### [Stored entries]
---
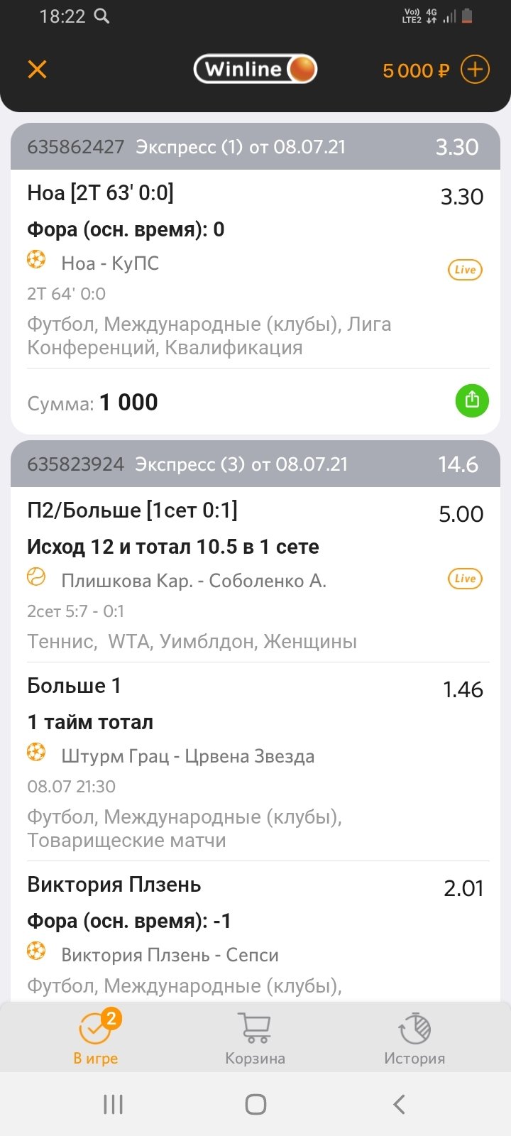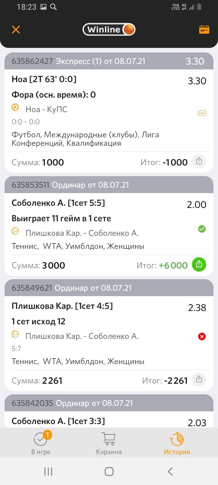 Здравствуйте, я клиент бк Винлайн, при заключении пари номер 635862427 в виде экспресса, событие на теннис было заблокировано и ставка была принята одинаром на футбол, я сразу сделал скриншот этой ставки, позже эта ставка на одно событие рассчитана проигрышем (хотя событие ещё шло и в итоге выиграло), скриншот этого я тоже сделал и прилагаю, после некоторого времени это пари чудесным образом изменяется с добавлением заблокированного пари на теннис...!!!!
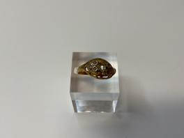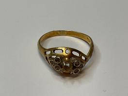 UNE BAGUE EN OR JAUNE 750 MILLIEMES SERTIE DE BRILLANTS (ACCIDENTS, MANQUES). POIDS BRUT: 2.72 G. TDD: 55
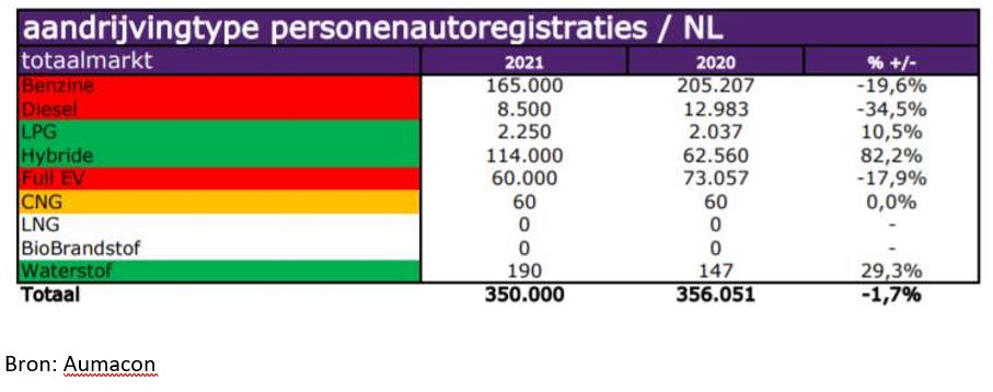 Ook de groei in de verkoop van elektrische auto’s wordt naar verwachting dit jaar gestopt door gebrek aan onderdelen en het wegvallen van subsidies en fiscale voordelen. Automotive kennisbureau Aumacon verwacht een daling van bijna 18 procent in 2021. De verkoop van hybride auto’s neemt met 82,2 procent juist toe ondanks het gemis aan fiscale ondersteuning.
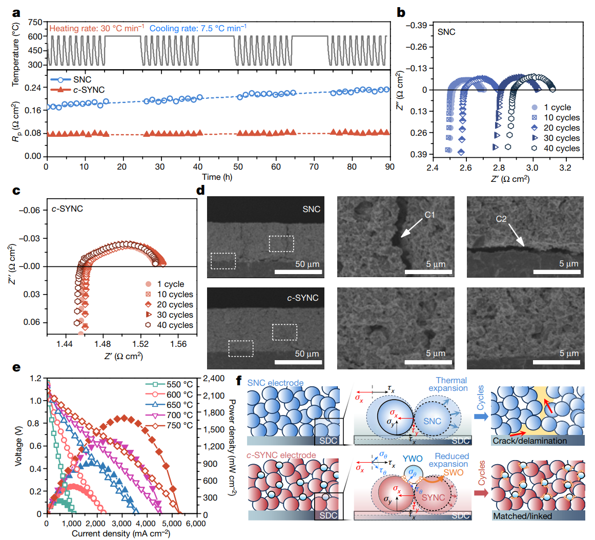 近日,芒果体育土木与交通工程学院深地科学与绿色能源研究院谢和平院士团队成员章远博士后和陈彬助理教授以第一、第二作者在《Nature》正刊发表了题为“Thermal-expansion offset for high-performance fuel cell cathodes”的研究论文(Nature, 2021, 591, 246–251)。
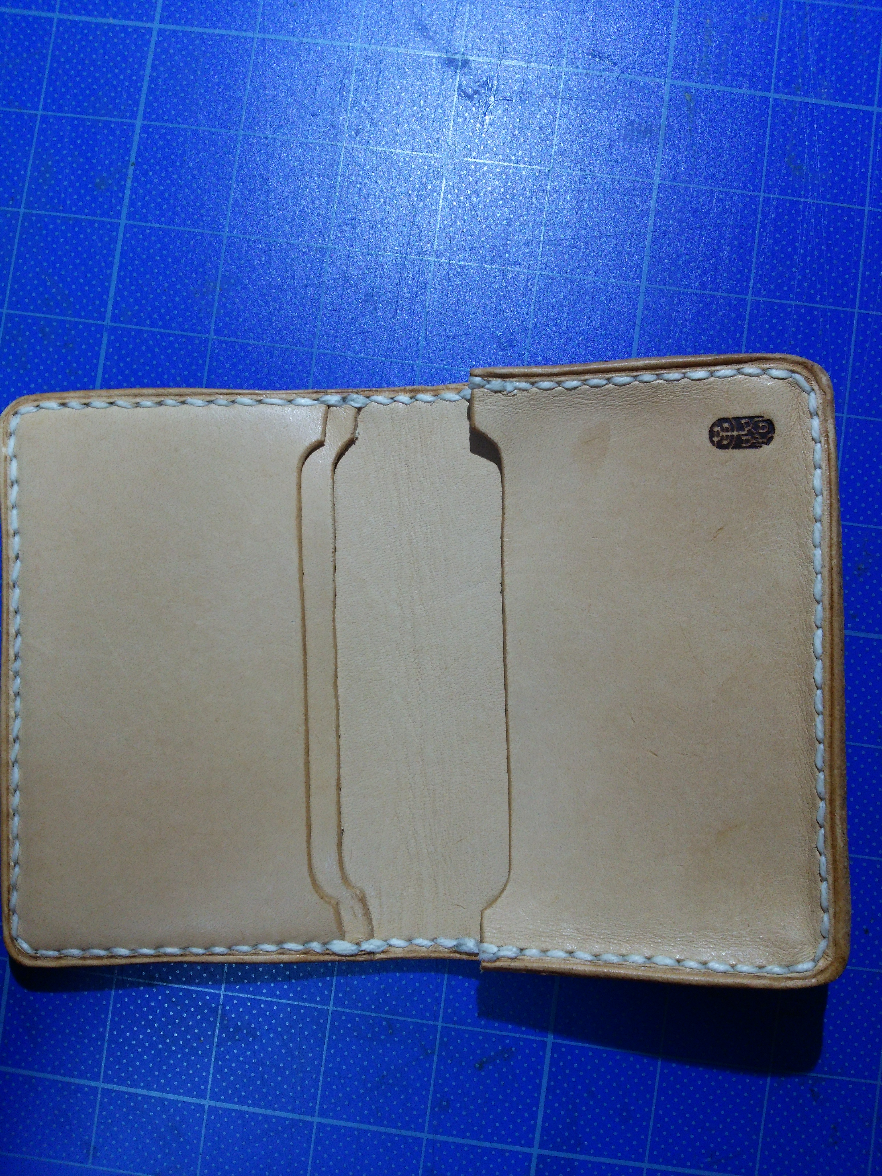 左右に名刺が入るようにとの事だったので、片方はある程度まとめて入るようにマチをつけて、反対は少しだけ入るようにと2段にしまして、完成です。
---
The data is to be returned exactly as it stands, pictures aside.

 Здравствуйте, я клиент бк Винлайн, при заключении пари номер 635862427 в виде экспресса, событие на теннис было заблокировано и ставка была принята одинаром на футбол, я сразу сделал скриншот этой ставки, позже эта ставка на одно событие рассчитана проигрышем (хотя событие ещё шло и в итоге выиграло), скриншот этого я тоже сделал и прилагаю, после некоторого времени это пари чудесным образом изменяется с добавлением заблокированного пари на теннис...!!!!
 UNE BAGUE EN OR JAUNE 750 MILLIEMES SERTIE DE BRILLANTS (ACCIDENTS, MANQUES). POIDS BRUT: 2.72 G. TDD: 55
 Ook de groei in de verkoop van elektrische auto’s wordt naar verwachting dit jaar gestopt door gebrek aan onderdelen en het wegvallen van subsidies en fiscale voordelen. Automotive kennisbureau Aumacon verwacht een daling van bijna 18 procent in 2021. De verkoop van hybride auto’s neemt met 82,2 procent juist toe ondanks het gemis aan fiscale ondersteuning.
 近日,芒果体育土木与交通工程学院深地科学与绿色能源研究院谢和平院士团队成员章远博士后和陈彬助理教授以第一、第二作者在《Nature》正刊发表了题为“Thermal-expansion offset for high-performance fuel cell cathodes”的研究论文(Nature, 2021, 591, 246–251)。
 左右に名刺が入るようにとの事だったので、片方はある程度まとめて入るようにマチをつけて、反対は少しだけ入るようにと2段にしまして、完成です。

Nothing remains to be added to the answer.